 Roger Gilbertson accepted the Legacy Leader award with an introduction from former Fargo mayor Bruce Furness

_____

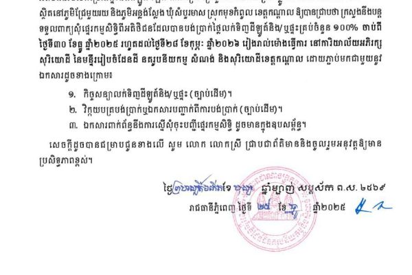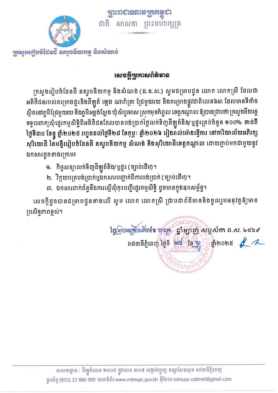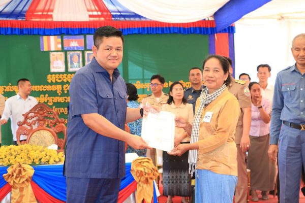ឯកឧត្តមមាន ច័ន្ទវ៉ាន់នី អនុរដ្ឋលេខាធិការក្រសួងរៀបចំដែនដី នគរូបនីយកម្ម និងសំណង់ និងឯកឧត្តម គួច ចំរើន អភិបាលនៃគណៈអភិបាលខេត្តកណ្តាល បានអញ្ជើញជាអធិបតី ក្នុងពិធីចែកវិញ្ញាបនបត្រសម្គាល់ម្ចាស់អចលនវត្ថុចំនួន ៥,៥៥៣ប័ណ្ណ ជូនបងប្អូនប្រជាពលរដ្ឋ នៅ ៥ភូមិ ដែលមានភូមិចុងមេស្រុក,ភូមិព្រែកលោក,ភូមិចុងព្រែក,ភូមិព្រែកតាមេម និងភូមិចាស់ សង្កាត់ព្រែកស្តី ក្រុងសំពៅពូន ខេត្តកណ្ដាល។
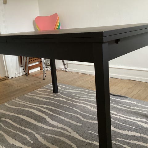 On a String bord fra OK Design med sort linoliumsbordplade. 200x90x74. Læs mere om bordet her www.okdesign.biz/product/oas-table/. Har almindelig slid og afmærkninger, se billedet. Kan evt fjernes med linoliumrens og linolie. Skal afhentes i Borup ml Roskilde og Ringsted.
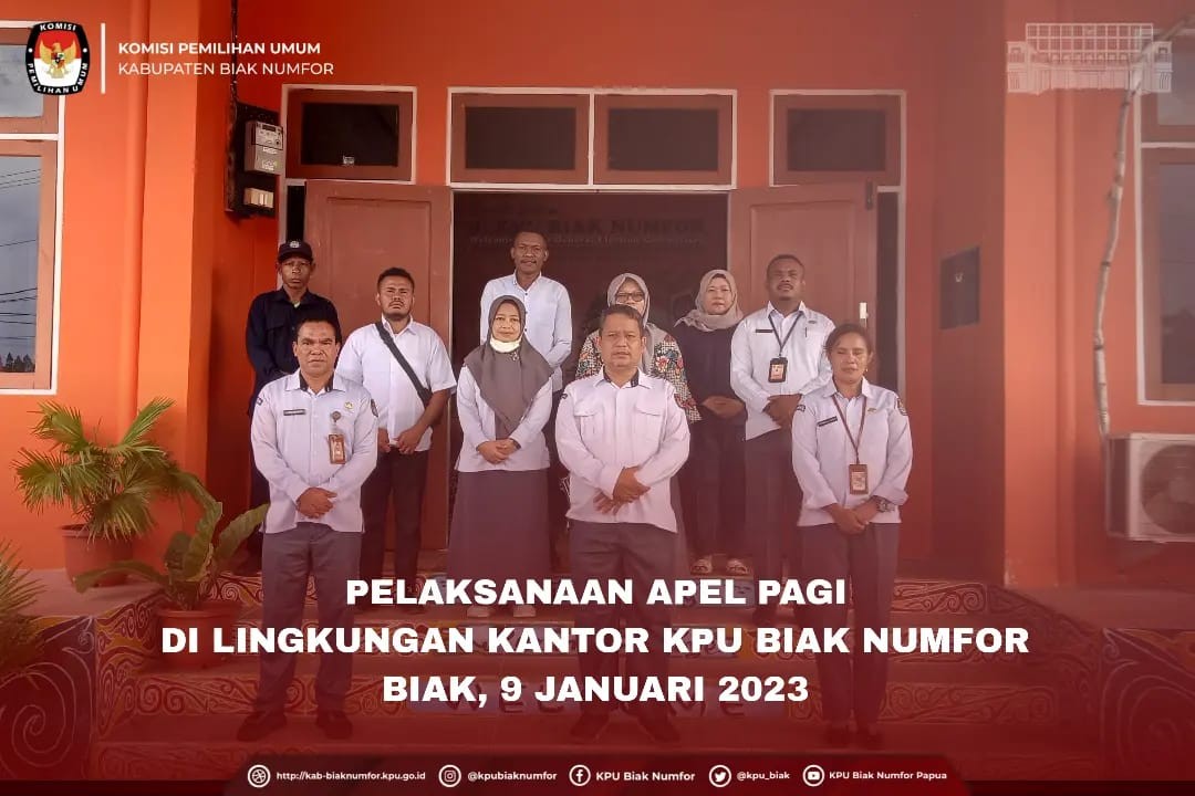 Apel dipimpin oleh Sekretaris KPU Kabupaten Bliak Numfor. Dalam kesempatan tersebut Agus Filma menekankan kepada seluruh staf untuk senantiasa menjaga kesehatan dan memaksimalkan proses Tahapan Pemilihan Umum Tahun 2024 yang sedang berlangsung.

_____

> _Work required_:
Repeat the lines above exactly, beginning with the one containing "ឯកឧត្តមមាន ច័ន្ទវ៉ាន់នី អនុរដ្ឋលេខាធិការក្រសួងរៀបចំដែនដី" and finishing with the one containing "Apel dipimpin oleh". No pictures belong in the copy.

> _Answer to this task_:
ឯកឧត្តមមាន ច័ន្ទវ៉ាន់នី អនុរដ្ឋលេខាធិការក្រសួងរៀបចំដែនដី នគរូបនីយកម្ម និងសំណង់ និងឯកឧត្តម គួច ចំរើន អភិបាលនៃគណៈអភិបាលខេត្តកណ្តាល បានអញ្ជើញជាអធិបតី ក្នុងពិធីចែកវិញ្ញាបនបត្រសម្គាល់ម្ចាស់អចលនវត្ថុចំនួន ៥,៥៥៣ប័ណ្ណ ជូនបងប្អូនប្រជាពលរដ្ឋ នៅ ៥ភូមិ ដែលមានភូមិចុងមេស្រុក,ភូមិព្រែកលោក,ភូមិចុងព្រែក,ភូមិព្រែកតាមេម និងភូមិចាស់ សង្កាត់ព្រែកស្តី ក្រុងសំពៅពូន ខេត្តកណ្ដាល។
 On a String bord fra OK Design med sort linoliumsbordplade. 200x90x74. Læs mere om bordet her www.okdesign.biz/product/oas-table/. Har almindelig slid og afmærkninger, se billedet. Kan evt fjernes med linoliumrens og linolie. Skal afhentes i Borup ml Roskilde og Ringsted.
 Apel dipimpin oleh Sekretaris KPU Kabupaten Bliak Numfor. Dalam kesempatan tersebut Agus Filma menekankan kepada seluruh staf untuk senantiasa menjaga kesehatan dan memaksimalkan proses Tahapan Pemilihan Umum Tahun 2024 yang sedang berlangsung.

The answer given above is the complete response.